Коля Кондрашов сидел на пайолах в электростанции и, засучив штанину, с интересом изучал леопардовую шкуру из гнойников, пятнами рассыпанных по его ноге.
– Ух ты, пол пальца проваливается! – несколько удивленно произнёс Коля, вытаскивая палец из гнойной дыры, зиявшей у него на голени.
– Может, тебе к медику? – посоветовал я, принюхиваясь к сладковатому запаху исходившему от Колиной ноги, хотя и сам не верил в целесообразность своего предложения.
– Да ну его на хрен, Шура. Мазь Вишневского даст. От него толку, сам знаешь… У тебя самого вон пальцы не гнутся…
Я присел рядом с Колей, поставил перед собой кандейку с горячей водой. Попробовал пальцем температуру и с наслаждением опустил в неё воспалённые обсыпанные мелкими гнойниками руки:
– Кайф!
– Отмачиваешь? – усмехнулся Колян.
– Чилима. Здесь каждая царапина месяцами заживает. Вон, месяц назад палец иголкой уколол, так до сих пор…
– А что ты хочешь: без витаминов, на перловке и укропной эссенции. Ладно, еще не отваливаются. Тебя медик от камбуза освободил? Тебе же в наряд надо? – спросил Коля, терпеливо возясь с корочкой очередной язвы.
– Я ещё не ходил. Без толку.
– Попробуй. Хрен его знает, может получится. С твоими руками тебе на камбузе делать нечего.
Корабельный медик Головко, или «Головка», как мы его звали между собой, если что и знал по медицине, то ловко это скрывал. От всех болезней у него было два лекарства: аспирин и мазь Вишневского. Иногда создавалось впечатление, что других лекарств ему по какой-то причине их просто не завезли. В медкаюту к нему шли только тогда, когда уж совсем припрёт.
Когда я подошел к медкаюте, меня буквально на шаг опередил наш крысолов-любитель, хохол Прокопенко.
– Разрешите, товарищ лейтенант? – Прокопенко приоткрыл дверь медкаюты и просунул в щель свою стриженую голову.
– Ну, чего тебе? – раздался голос начмеда.

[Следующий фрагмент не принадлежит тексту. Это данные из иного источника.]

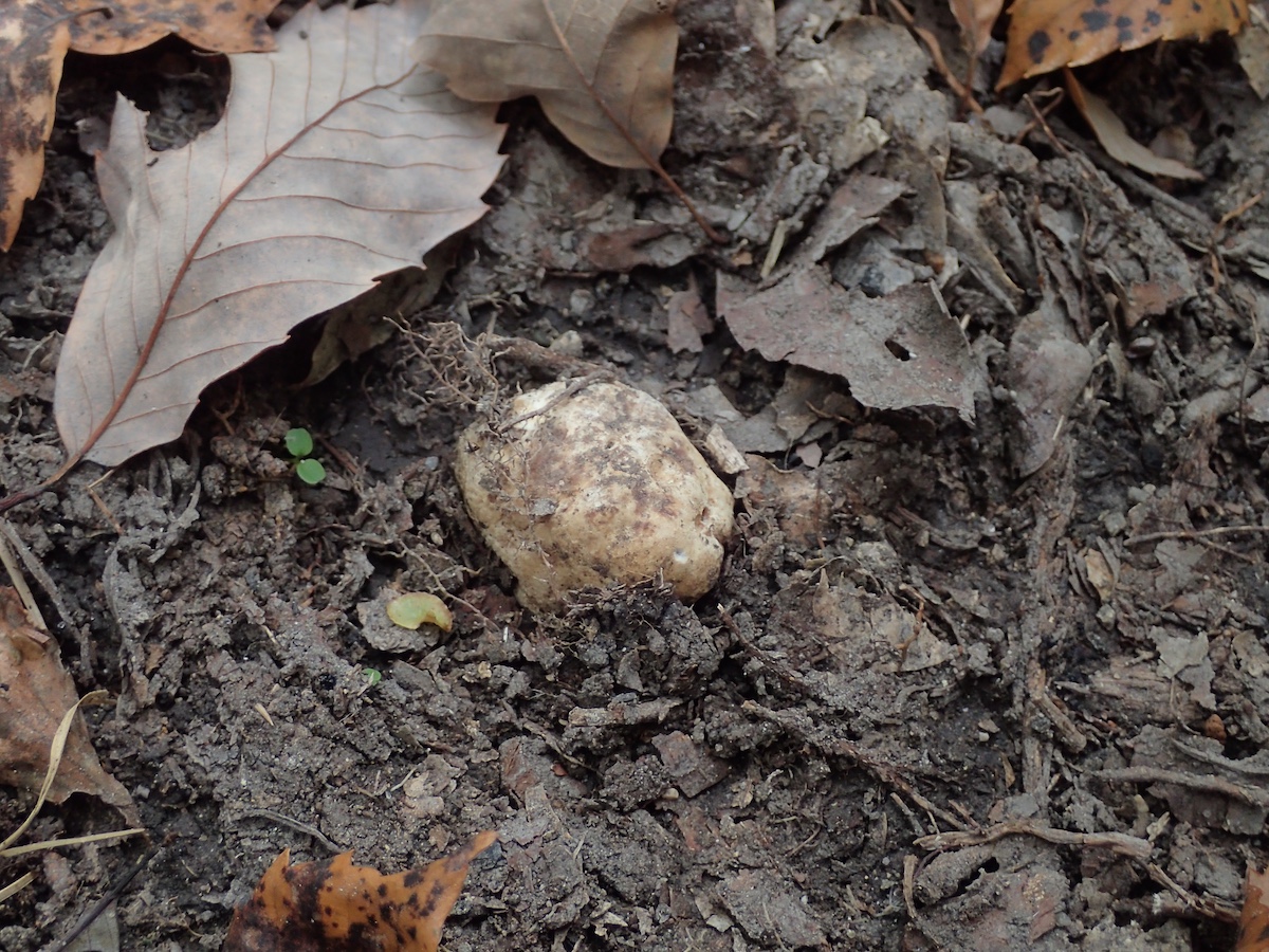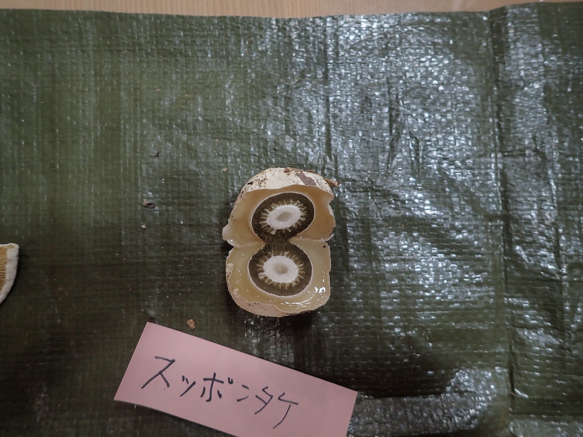 トリュフを探している時に見つけた白い丸いものを切ってみると・・・スッポンタケのタマゴであった!!!

– Хвосты принёс. Запишите?
Головка поморщился. После приказа об отпуске за пойманных крыс, на него, как на крайнего, повесили вести учёт свежеотрубленных крысиных хвостов. Его утонченная натура бунтовала, но приказы не обсуждаются. И с отвращением высыпав покрытые редкой шерстью задубелые хвосты на кусок газеты, Головка стал брезгливо пересчитывать серую топорщащуюся во все стороны кучку, вороша ее палочкой для осмотра горла.